12月の湘南PACEは児童文学評論家の赤木かん子さんをお呼びして、「本とは何か」ということを中心に、特に教師が理解すべきことを話していただきました。
適度に心地よく斬っていただいき、とても痛快な4時間でした。



そしてこれがぎょのグラフィックの記録。
これをもとに文字起こししていきます。(川本の受け取り方なので、大きな間違いがあれば突っ込んでください)


・言葉には定義がある。この定義について意味を考え、分類をしてくことが基本的な学び方。言葉の本当の意味は言葉を集めることでわかる。例えば、「バナナ」。バナナの定義を百科事典で調べると、「バショウ科バショウ属〜」と書いてある。それを見れば「じゃあバショウ科ってなに?」という問いが出てきて、さらにそこを考えていく。この子どもの質問作業は、大人はめんどくさくなってすぐに突き放してしまいがち。「うるさい!」とか「なんだろね」で終わらせたり。でもこれこそが、ものを考える基礎。
・定義と分類の学びは、学問の基礎。学問とは、これを突き詰めて考えていくものである。だからこそ、この学び方はとても大事。
本当はそれぞれの教室に百科事典を置くべき。
・この学び方は3歳から8歳までが限界。なぜなら、この年齢はものを考える過程を純粋に楽しめるから。高学年なんてもう「めんどくさい」で終わってしまう。調べ学習はもっと小さいころからやるべき。1年生1学期に百科事典の引き方を覚えさせる。1年生12月から調べ学習はできる。
・言葉を丁寧に扱っていくこと。だからこそ、図書室・図書館が重要になってくる。


・要素「文字」「本」「情報」「図書館」「司書」
・「本」 本から理解することは難しいこと。
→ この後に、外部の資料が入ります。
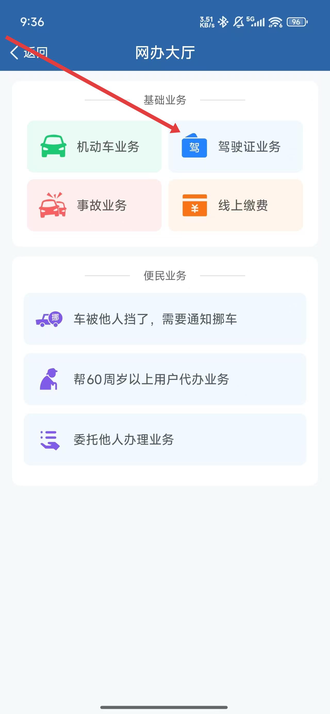 1、可以通过点击基础业务模块下的驾驶证业务选项,进入查看相关业务。
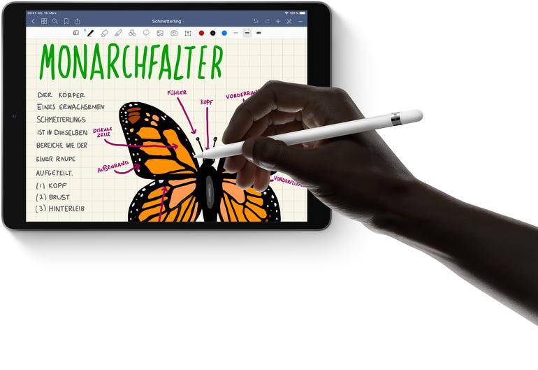Auch wenn es „nur“ der alte Apple Pencil (100 Euro) ist: die Unterstützung für Apples Schreibgerät ist ein großer Pluspunkt. (Bild: Apple)
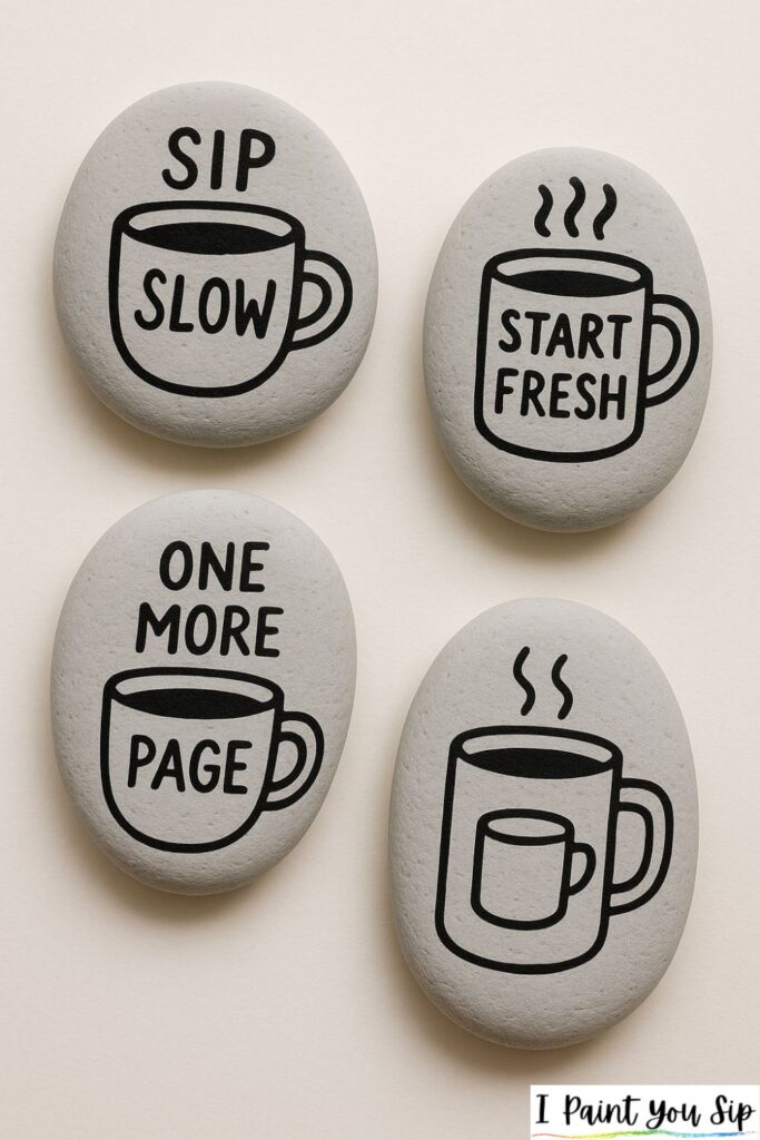 Paint rocks that look like little coffee cups or mugs with words like “sip slow,” “start fresh,” or “one more page.” Perfect for your breakfast nook or home office.
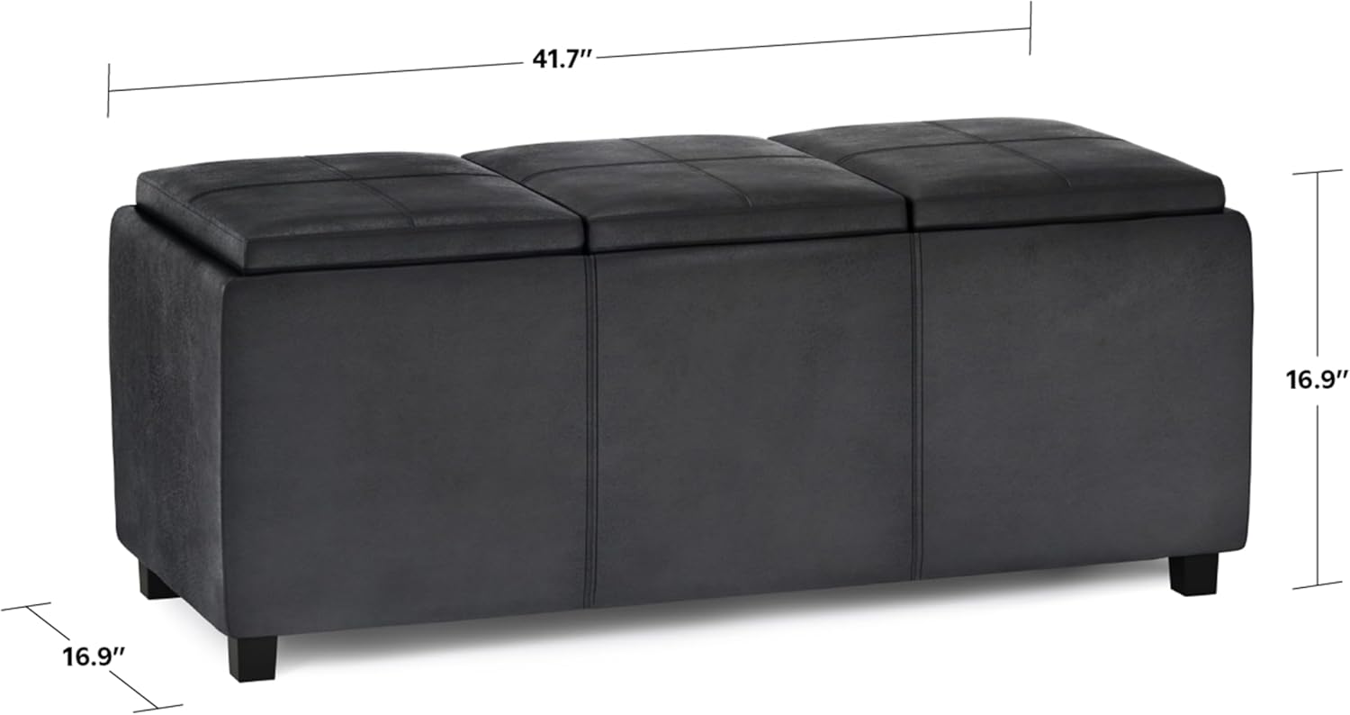 SIMPLIHOME Avalon 42 inch Wide Contemporary Rectangle Storage Ottoman in Distressed Black Vegan Faux Leather, Assembled, For the Living Room, Entryway and Family Room
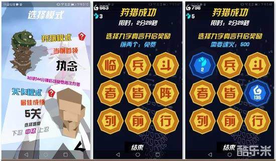 当狩猎成功后会跳出一个翻牌九宫格,翻前面两个免费,可以随机获得魂火或碎片,如果要继续翻则需要使用魂火。
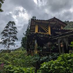 Comme on est arrivé assez tôt, avant 15h, que les nuages sont bien installés et qu'il fait très froid on décide de se mettre dans nos lits sous les 4 couvertures et on s'endort rapidement pour une petite sieste qui nous remet d'applomb. On se réveille 2h plus tard pour manger le dîner à 18h30 composé d'un soupe de pomme de terre puis d'une assiette de riz, oeuf (pour moi et viande pour les autres) et banane plantain. C'est consistant mais les quantités sont pas énormes on aurait bien mangé un peu plus. C'est pas grave il nous reste des noix et des gâteaux. Après on tente de faire une partie de carte mais sans grande conviction on est congelé et fatigué. Dehors il doit faire moins de 10° et dans la finca pas beaucoup plus. Elle est construite comme si on était sur la côte caraïbe : seulement des planches de bois, pas d'isolation et tout est grand ouvert sur l'extérieur. On va donc vite se remettre à l'abris sous nos 4 couches de plaids et bien habillé pour entamer notre nuit à 20h.Read more

だから講演会などで話してもらえると理解しやすい。本は、その7割の内容を事前に知っていると読めるが、それ以上知らない内容だと読めない。
・「本=小説」ではない。そもそも、NDCの分類で考えると、9が小説などの「空想系」であり、1〜8はすべて「リアル系」で事実にもとづいた話。本を読むことは物語を読むことだという指導は違う。(あと、理解力・・・男の子が理解できることなら女の子もたいてい理解できている。男の子が理解できているかを見て!)
・文字ができたとたんに歴史ができ、文字ができたとたんにそれを読む知識が必要になり「教師」が生まれた。
・「図書館」 5つの機能「収集」「保管」「分類」「研究」「還元」学校図書館公共図書館はそもそもこれらのためにできた。
・「司書」はプロ。教師に図書室・図書館運営は無理です。
・貸し出し冊数を制限するのはなぜ?
・なぜそのルールがある?できたときは意味があっても、今そのルールは意味がある?機能している?
・そもそも、子どもはリアル系の本(図鑑とか)が好きなのに、なぜかそういう本は禁帯出になっている。もっと貸せばいいじゃん。好きなだけ貸せばいいじゃん。大人の都合?子どもの都合?何のため?誰のため?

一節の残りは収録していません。